Configurable Number of Accessible Device Queues
[0058] FIG. 8 provides an overview of various embodiments that may
provide queues for N containers running in a VM or bare metal
environment. Various embodiments configure a number of queues (VQs)
in device 820 for access (e.g., read or write) by VEEs by
configuring a number of virtual devices configured as active in
vDPA application 810. Other frameworks can be used such as virtio.
In some examples, vDPA application 810 runs in user space, but may
run in kernel space. vDPA application 810 can be based on a vDPA
framework developed using DPDK or QEMU in some examples. In some
examples, an active virtual device in vDPA application 810 can be a
vhost target. To provide 1:1 mapping of queues to VEEs, a number of
vhost targets (e.g., vhost-tgt) can be determined by an input
parameter but may not exceed the number of virtio queues or queues
available in device 820.
[0059] A virtual device (e.g., vhost target) in vDPA application
810 can provide the control plane and data plane for a VEE (e.g.,
VM 802 and its containers or containers running in bare metal
environment 804). An IO queue (VQ) in device 820 (e.g., storage
controller or network interface) can be accessed one-to-one by a
corresponding virtual device.
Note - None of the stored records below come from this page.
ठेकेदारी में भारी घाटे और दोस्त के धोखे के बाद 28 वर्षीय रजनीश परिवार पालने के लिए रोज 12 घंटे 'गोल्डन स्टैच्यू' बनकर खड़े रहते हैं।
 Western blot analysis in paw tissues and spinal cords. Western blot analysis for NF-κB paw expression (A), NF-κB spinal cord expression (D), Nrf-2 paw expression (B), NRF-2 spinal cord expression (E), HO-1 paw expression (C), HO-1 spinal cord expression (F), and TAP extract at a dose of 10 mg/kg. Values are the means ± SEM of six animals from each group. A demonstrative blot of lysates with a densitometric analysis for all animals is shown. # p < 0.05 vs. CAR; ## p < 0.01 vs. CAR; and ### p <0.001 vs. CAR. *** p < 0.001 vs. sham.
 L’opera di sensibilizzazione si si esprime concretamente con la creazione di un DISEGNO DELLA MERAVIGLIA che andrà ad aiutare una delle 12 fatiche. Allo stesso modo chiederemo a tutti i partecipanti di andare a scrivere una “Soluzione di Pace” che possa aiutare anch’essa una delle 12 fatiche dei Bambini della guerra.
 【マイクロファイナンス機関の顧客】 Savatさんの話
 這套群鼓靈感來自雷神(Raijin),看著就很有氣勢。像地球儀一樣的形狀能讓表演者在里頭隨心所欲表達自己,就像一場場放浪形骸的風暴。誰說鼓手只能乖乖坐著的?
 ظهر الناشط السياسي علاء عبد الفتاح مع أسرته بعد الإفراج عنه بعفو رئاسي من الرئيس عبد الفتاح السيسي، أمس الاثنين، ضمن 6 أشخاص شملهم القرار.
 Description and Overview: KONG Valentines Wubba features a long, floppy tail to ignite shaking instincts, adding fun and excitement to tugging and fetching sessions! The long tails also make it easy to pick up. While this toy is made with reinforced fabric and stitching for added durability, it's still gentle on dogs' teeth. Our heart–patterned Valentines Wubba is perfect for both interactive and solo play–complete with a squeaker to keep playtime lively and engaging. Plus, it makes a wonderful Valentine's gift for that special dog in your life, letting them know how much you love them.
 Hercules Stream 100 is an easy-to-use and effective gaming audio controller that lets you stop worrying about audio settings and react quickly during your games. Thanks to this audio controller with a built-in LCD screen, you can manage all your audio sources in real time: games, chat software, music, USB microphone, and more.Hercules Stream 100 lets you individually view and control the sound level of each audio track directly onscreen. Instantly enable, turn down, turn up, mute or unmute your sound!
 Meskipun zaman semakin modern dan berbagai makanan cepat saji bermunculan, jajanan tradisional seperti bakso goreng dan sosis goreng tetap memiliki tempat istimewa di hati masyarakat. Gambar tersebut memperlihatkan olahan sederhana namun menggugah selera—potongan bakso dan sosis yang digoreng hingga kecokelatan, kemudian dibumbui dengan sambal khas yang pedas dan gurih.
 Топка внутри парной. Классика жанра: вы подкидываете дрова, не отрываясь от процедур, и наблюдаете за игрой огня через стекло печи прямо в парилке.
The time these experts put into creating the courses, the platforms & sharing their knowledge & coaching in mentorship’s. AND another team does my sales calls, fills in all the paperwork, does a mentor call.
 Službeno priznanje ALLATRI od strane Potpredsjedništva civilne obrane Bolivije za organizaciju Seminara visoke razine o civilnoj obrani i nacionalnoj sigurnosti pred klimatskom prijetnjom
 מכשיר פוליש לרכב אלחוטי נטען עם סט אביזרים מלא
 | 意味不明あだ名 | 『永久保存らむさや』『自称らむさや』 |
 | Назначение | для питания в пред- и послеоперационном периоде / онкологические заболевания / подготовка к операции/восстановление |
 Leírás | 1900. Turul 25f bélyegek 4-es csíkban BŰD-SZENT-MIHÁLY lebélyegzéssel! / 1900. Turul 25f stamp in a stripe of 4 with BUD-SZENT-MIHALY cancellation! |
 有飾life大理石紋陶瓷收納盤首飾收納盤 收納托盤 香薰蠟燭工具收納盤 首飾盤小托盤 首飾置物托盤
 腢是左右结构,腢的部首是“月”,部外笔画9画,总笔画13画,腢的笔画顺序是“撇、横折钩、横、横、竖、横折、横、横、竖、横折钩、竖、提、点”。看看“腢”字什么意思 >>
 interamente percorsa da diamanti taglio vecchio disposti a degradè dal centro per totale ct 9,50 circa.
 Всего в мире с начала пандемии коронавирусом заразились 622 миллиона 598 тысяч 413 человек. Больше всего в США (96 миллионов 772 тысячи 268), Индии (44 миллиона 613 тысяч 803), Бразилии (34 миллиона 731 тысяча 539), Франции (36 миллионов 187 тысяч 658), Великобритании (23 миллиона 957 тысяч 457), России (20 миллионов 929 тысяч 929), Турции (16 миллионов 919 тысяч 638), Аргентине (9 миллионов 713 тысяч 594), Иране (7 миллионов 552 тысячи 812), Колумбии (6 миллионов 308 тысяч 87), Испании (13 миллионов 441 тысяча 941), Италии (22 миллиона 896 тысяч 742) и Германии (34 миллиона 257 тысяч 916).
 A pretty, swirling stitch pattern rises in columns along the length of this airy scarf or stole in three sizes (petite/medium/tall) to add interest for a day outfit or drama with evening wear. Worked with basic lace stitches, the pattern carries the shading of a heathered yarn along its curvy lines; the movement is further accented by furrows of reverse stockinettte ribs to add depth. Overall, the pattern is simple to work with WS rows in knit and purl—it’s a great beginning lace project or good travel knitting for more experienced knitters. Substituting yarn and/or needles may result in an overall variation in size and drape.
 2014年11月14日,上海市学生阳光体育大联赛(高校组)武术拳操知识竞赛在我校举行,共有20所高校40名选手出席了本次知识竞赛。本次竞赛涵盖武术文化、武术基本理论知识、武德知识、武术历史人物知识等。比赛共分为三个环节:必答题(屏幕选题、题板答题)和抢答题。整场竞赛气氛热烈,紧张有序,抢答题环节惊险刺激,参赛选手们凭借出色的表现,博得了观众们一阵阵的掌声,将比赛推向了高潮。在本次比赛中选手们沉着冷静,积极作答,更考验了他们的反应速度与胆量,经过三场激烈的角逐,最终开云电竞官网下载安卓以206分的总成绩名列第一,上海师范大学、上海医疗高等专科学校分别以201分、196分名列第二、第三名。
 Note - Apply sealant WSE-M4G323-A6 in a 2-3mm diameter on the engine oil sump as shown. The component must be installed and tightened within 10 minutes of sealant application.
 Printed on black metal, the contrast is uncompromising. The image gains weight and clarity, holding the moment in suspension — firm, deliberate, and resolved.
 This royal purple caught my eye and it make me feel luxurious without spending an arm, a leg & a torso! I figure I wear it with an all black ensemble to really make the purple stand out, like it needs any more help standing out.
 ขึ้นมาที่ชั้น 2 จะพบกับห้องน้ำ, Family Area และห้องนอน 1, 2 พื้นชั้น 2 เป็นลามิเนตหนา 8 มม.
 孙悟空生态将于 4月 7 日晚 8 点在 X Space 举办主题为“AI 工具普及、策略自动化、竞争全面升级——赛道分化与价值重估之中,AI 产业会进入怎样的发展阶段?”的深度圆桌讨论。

IO queues in device 820 allocated for
a VF (SR-IOV) or ADI (SIOV) may be increased or decreased and
assigned to deployed VEEs by increasing or decreasing a number of
active virtual devices in vDPA application 810. A VF or ADI can
provide connectivity between a virtual device in vDPA application
810 and device 820 for tenant isolation. A single isolated instance
(e.g., VF or ADI) can be associated with a VEE. In this way,
sharing of device 820 with isolation of IO queues can be achieved.
Virtual devices could either have a dedicated physical queue pair
or share a physical queue pair with other virtual devices.
[0060] An interface between a VEE and vDPA application 810 can be
implemented through a vhost library as a vhost target. A virtio
driver executing in a VEE can connect to the vhost target and
device 820 through vDPA framework or application 810. vDPA
framework or application 810 can connect the vhost target to device
820. When device 820 supports SR-IOV, access through a PF or VF can
be utilized. vDPA application 810 can interact with a PF or VF as a
device. In some examples, connecting a VEE to a SmartNIC using SIOV
can provide access to features of a virtio queue, including rate
limiting and queue scheduling, etc. Data plane pass-through between
device 820 to a VEE can be used to reduce delays in data or
descriptor transfer.
[0061] In some examples, virtual devices communicate with VEEs
using a virtio driver. Descriptors can be passed from a VEE to a
virtual device using a virtio ring and provided to a corresponding
IO queue of device 820. In some examples, virtual devices
configured in vDPA application 810 can access descriptor virtio
rings. The virtio data plane can be mapped from a VEE to the VF of
device 820.
[0062] An example pseudocode of vDPA application 810 that has a
configured number of vhost targets is below.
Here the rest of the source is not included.